Outbox Pattern
Implement the transactional outbox pattern to reliably publish events to Kafka after a database write.
The situation
Your payments team just shipped a feature: every order placed by a customer gets mirrored into a ledger service for finance reporting. The integration looks simple— the order service publishes an order.created event to Kafka, and the ledger service consumes it. Everything worked fine during testing.

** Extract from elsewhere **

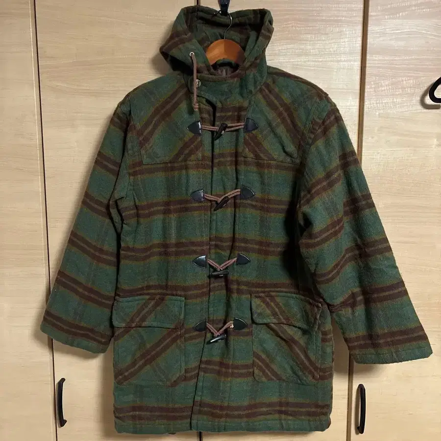 highspirits 더플 코트 후드 부착 그린과 브라운 체크 무늬 L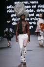 A show, unlike any other we have ever witnessed, that was Sistaaz of the Castle by photographer Jan Hoek & fashion designer Duran Lantink. Their project is based around the colorful looks of transgender sex workers on the streets of Capetown. Today a collection based on those fashionable types and their ability to make the most outspoken looks out of anything and everything they can find was presented. A photo exhibition with this very same theme can be visited at the Foam photography in Amsterdam, including portraits of six girls Coco (25), Cleopatra (23), Sulaiga (30), Gabby (29), Flavinia (33) and Joan Collins (57). Pictures that eventually formed the lookbook images for Duran Lantink’s collection and were projected onto today’s backdrop. During the show the audience got to know a little bit more about their lives, their dreams and the way they hope to be perceived by others. Six models were put up on a driving backdrop, each portraying one of the six transgender sex workers. They were fully dressep up and had gotten completely into character. In between different models showed Duran’s latest wearable designs as an explosive finally followed. A spectacle almost impossible to describe in words. Oh well, just check out the images and see it for yourself.

Then in production order-service's PostgreSQL server experienced an outage. During the outage, every POST /orders returned a 500. After recovering from this next day Finance team is asking why their ledger totals don't match order totals. Finance ledger seems to have orders which doesn't exist in orders database. Ledger entries are immuable because of several accounting and legal reasons. Finance team can't simply delete these phantom entries. Finance team should now have to manually create thousands of credit notes manually.
Your job: debug how can this happened and fix it so that order-service and ledger-service becomes transactional under any circumstance?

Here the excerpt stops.